Because markets are forward-looking, merely the idea that rates may have to meaningfully rise to combat 40-year high inflation prints prompted a major rotation.

How sharp was it? Ask just about any tech investor.

From January 4 to late-February, the Nasdaq briefly slipped into a bear market (-20%) before a relief rally this week.

BNPL stocks — the ASX’s bellwether for high-growth, zero profit market darlings in the post-COVID liquidity splash — got spanked.

Most of the sector is down +75% from all-time highs. Zip Co (ASX:Z1P) rallied strongly yesterday, but is still trading around 15% below the $1.90 price that it just raised $148.7m at to acquire under-fire competitor Sezzle (ASX:SZL).

(That deal was fully-underwritten by the way, leaving Z1P’s advisors extra-hopeful of a market rebound.)

In place of tech, money as poured into global commodities — a move exacerbated by some major dislocations stemming from Russia’s position as a global commodity supplier.

Fed analysis

In that context, one tail-risk for investors is whether the Fed will have to raise rates higher and faster than expected.

The supply-side impact of a commodity such as oil, which feeds into the cost structure of just about every good and service — makes the policy challenge more acute.

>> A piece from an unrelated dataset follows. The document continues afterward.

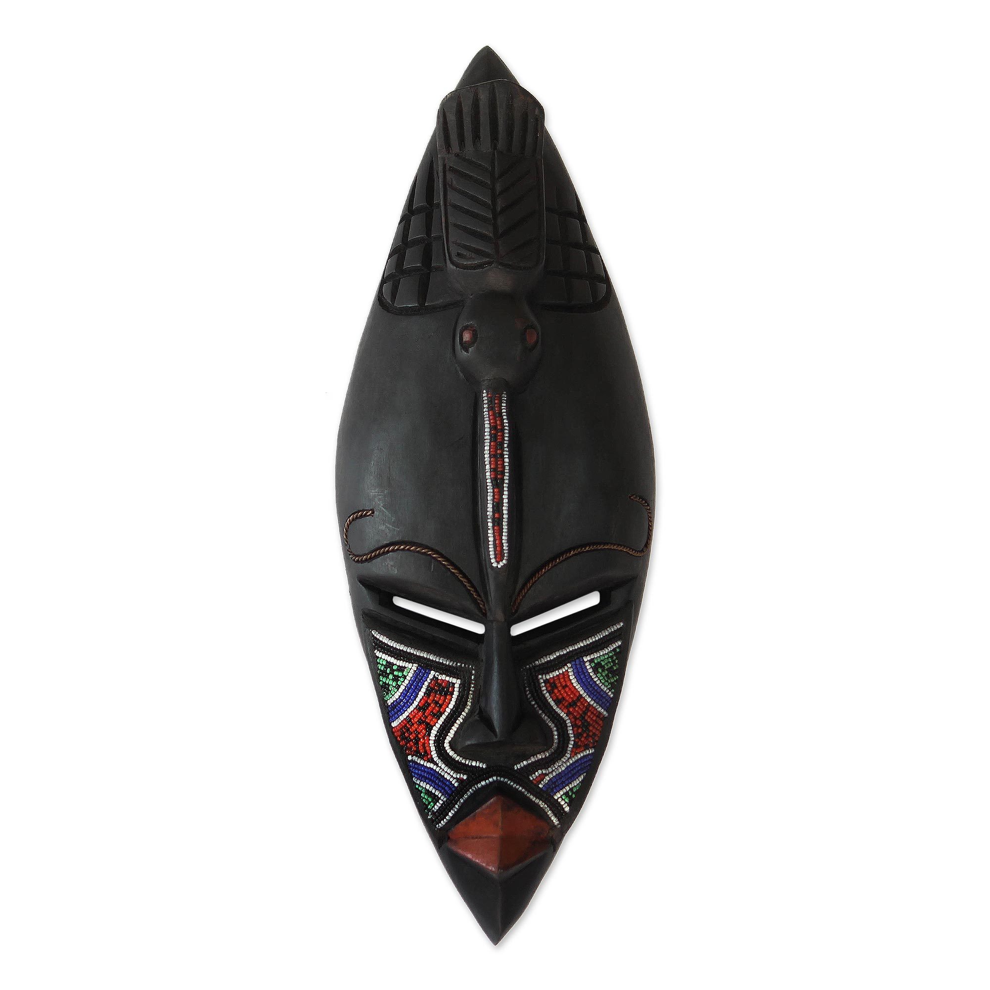 This extraordinary mask is inspired by the traditions of the Dzonu people of Ghana's Volta Region. Featuring a bird looking downward, it was usually gifted to brave warriors. Evelyn Kafui Ahianyo designs the mask, carved from local sese wood and adorned with colorful glass beads or dzonu, from which this tribe takes its name.

In his analysis of the Fed meeting, Capurso noted that Fed committee members are already moving fast when it comes to monetary policy and the inflation outlook.

As recently as December, the consensus among Fed committee members was that rates would end 2022 in a 0.75%-1.00% range. Now, it’s 1.75%-2.00%.

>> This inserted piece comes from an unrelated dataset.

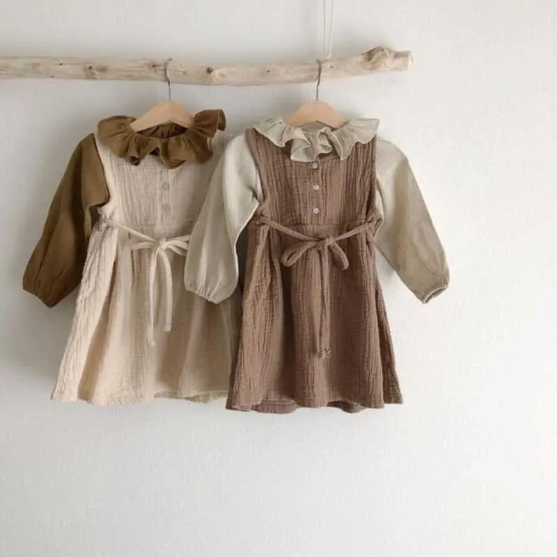 Платья для маленьких девочек 2020 г. Платья в корейском и японском стиле платье для маленьких девочек льняная одежда принцессы для девочек, повседневное модное платье

“That is a very large jump in expectations,” Capurso said.

And it implies that investors can expect the Fed to hike “at every remaining meeting this year”.

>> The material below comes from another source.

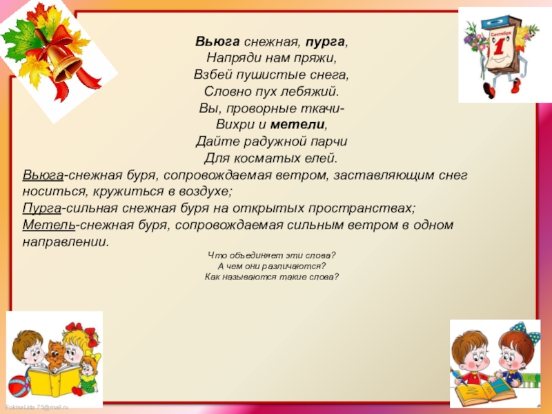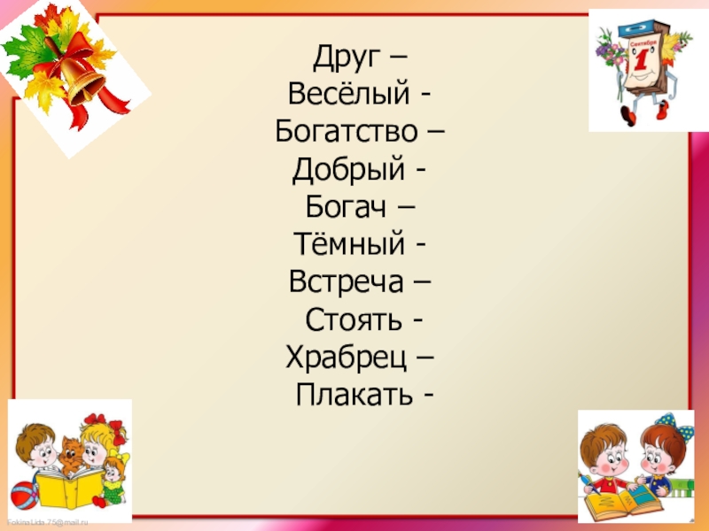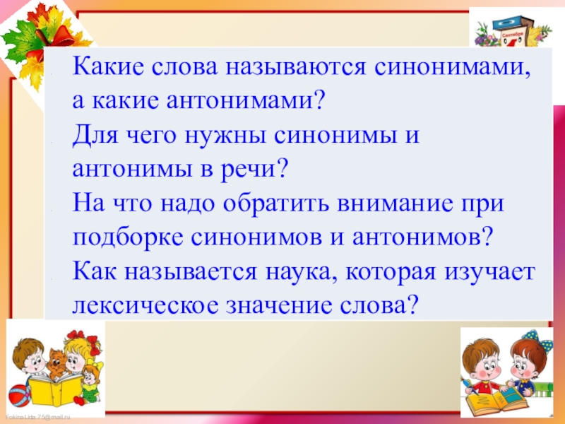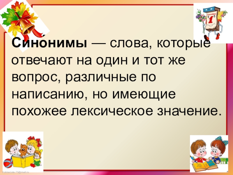 Слайд 7Сино́нимы — слова, которые отвечают на один и тот же вопрос,

In addition, the Fed also expects annualised core inflation to finish the year at 4.1% — well up from its previous forecast of 2.3%.

It also now expects inflation to remain above its 2% minimum target through to the end of 2024.

“That would be a long four-year period of inflation above the FOMC’s 2%/yr target, and indicates the FOMC is ‘well behind the curve’,” Capurso said.

The net result is that rates may need to rise faster than the Fed currently expects, he said. And that’s a point worth keeping in mind for stock investors.

Instead of a 0.25% hike at every 2022 meeting, Capurso raised the prospect of two 50bp hikes this year as the pace of tightening accelerates.

Perception is reality

After a decade-plus where inflation in major Western economies went nowhere, the pandemic has finally got it moving.

Each month, annualised US inflation is consistently printing at 40-year highs.

In Capurso’s view, that’s feeding into another important data trend; as inflation rises, future inflation expectations among consumers are also rising.

“High inflation expectations can embed high inflation outcomes,” Capurso says.

The 40-year highs for inflation are worth noting (at least in a historical context), because the last time US inflation ran that hot, the Fed hiked rates to 20%.

There was a recession in 1981/82, followed by a 40-year structural rates downtrend (which has been great for stocks and property).

Broadly speaking, that downtrend may still be in play. For example, Capurso now forecasts upside to the Fed’s next hiking cycle north of 3% (still a fair way from 20%).

However, “the 1980s showed it was very costly to return inflation back to target when inflation expectations are high, because more policy tightening may be required”, Capurso said.

So the complex by-play between inflation and economic growth is still in play.

For example, Capurso noted Powell said the US economy is “very strong, and can handle tighter policy monetary”.

The US unemployment rate is back under 4%, while Australia’s u/e rate just fell to a 14-year low of 4%.

After saying ‘2024 at the earliest’ for a rate hike all through last year, markets are now fully priced for the RBA to also start raising rates this year.

And while significantly lifting its inflation expectations, the US Fed also cut its forecast for economic growth in 2022 to 2.8% (down from 4%) due to the fallout from the Russia-Ukraine war.

That more stag-flationary outlook helps to illustrate the complex task facing policy makers and investors as the global economy navigates its way through conflict and higher inflation.